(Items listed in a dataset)

-.-.-

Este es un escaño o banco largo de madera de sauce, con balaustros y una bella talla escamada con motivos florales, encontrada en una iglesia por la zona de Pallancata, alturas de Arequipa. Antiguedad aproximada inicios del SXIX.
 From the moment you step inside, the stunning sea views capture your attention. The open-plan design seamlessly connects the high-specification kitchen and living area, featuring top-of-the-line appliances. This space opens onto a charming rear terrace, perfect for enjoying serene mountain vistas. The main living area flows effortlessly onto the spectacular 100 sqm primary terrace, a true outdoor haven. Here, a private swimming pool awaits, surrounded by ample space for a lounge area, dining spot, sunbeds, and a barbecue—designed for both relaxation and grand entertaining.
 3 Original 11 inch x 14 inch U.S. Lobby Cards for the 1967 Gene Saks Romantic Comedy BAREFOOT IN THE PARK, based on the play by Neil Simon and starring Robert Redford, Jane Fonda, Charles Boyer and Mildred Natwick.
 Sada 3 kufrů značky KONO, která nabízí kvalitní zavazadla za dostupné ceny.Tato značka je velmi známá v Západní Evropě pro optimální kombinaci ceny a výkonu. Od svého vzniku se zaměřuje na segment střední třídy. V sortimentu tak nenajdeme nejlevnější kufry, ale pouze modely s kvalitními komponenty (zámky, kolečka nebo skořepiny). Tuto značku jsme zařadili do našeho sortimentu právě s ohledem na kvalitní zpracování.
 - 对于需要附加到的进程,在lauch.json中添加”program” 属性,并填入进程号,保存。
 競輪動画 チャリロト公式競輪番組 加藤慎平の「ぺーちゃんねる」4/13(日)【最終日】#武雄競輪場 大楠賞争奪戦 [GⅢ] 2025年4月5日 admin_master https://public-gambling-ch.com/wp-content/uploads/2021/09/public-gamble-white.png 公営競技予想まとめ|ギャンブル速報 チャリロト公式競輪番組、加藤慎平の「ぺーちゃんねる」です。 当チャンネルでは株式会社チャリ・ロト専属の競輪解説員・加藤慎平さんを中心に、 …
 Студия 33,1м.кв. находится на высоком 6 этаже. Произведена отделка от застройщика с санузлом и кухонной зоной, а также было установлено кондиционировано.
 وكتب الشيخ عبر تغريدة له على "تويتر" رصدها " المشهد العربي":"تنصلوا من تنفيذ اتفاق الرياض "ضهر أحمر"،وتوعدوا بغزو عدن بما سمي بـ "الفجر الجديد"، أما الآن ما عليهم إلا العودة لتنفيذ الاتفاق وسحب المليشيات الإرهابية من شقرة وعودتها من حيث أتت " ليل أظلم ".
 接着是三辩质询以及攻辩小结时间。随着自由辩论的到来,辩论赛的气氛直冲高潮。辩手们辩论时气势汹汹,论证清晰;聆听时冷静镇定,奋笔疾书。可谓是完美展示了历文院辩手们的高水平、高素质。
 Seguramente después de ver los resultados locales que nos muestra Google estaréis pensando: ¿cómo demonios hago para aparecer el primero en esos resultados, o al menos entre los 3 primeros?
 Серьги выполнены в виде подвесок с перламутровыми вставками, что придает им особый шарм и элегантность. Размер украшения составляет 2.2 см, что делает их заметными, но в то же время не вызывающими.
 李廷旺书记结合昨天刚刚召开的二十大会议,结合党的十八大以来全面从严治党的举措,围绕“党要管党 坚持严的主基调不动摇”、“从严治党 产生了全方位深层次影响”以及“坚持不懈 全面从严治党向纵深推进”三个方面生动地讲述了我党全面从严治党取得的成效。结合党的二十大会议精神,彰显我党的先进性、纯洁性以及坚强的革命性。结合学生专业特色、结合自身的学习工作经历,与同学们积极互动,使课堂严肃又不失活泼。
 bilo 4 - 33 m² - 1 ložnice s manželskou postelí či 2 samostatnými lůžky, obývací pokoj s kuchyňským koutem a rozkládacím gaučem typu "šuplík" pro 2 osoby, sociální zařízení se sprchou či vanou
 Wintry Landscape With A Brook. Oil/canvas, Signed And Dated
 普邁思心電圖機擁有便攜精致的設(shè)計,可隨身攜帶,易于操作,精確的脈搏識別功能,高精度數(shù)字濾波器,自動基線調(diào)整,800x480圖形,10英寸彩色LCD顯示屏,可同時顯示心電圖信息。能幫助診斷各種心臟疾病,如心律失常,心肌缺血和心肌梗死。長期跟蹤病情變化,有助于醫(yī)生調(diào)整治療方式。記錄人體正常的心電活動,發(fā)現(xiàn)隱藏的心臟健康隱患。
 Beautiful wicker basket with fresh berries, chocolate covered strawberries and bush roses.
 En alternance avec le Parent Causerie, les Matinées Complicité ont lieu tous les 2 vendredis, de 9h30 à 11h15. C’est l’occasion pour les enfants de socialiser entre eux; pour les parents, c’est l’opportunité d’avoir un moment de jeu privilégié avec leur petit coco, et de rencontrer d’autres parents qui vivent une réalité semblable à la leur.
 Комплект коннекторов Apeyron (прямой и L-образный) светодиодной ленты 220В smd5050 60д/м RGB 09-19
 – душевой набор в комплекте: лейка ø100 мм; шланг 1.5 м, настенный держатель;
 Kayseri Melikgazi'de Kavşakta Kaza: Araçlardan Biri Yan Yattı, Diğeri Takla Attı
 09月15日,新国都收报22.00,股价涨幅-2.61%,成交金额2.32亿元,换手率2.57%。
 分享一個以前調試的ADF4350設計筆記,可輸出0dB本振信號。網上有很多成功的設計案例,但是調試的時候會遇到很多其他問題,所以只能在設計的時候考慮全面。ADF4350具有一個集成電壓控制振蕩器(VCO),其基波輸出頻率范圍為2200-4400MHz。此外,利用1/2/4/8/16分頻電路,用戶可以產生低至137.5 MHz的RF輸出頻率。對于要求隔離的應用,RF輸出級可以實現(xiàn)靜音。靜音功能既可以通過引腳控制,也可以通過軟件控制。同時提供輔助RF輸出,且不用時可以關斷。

-.-.-

Task directions: Your output should consist solely of the lines from the beginning of the entries through the line containing "競輪動画 チャリロト公式競輪番組 加藤慎平の「ぺーちゃんねる」4/13(日)【最終日】#武雄競輪場", reproduced exactly.

Exercise solution:
Este es un escaño o banco largo de madera de sauce, con balaustros y una bella talla escamada con motivos florales, encontrada en una iglesia por la zona de Pallancata, alturas de Arequipa. Antiguedad aproximada inicios del SXIX.
 From the moment you step inside, the stunning sea views capture your attention. The open-plan design seamlessly connects the high-specification kitchen and living area, featuring top-of-the-line appliances. This space opens onto a charming rear terrace, perfect for enjoying serene mountain vistas. The main living area flows effortlessly onto the spectacular 100 sqm primary terrace, a true outdoor haven. Here, a private swimming pool awaits, surrounded by ample space for a lounge area, dining spot, sunbeds, and a barbecue—designed for both relaxation and grand entertaining.
 3 Original 11 inch x 14 inch U.S. Lobby Cards for the 1967 Gene Saks Romantic Comedy BAREFOOT IN THE PARK, based on the play by Neil Simon and starring Robert Redford, Jane Fonda, Charles Boyer and Mildred Natwick.
 Sada 3 kufrů značky KONO, která nabízí kvalitní zavazadla za dostupné ceny.Tato značka je velmi známá v Západní Evropě pro optimální kombinaci ceny a výkonu. Od svého vzniku se zaměřuje na segment střední třídy. V sortimentu tak nenajdeme nejlevnější kufry, ale pouze modely s kvalitními komponenty (zámky, kolečka nebo skořepiny). Tuto značku jsme zařadili do našeho sortimentu právě s ohledem na kvalitní zpracování.
 - 对于需要附加到的进程,在lauch.json中添加”program” 属性,并填入进程号,保存。
 競輪動画 チャリロト公式競輪番組 加藤慎平の「ぺーちゃんねる」4/13(日)【最終日】#武雄競輪場 大楠賞争奪戦 [GⅢ] 2025年4月5日 admin_master https://public-gambling-ch.com/wp-content/uploads/2021/09/public-gamble-white.png 公営競技予想まとめ|ギャンブル速報 チャリロト公式競輪番組、加藤慎平の「ぺーちゃんねる」です。 当チャンネルでは株式会社チャリ・ロト専属の競輪解説員・加藤慎平さんを中心に、 …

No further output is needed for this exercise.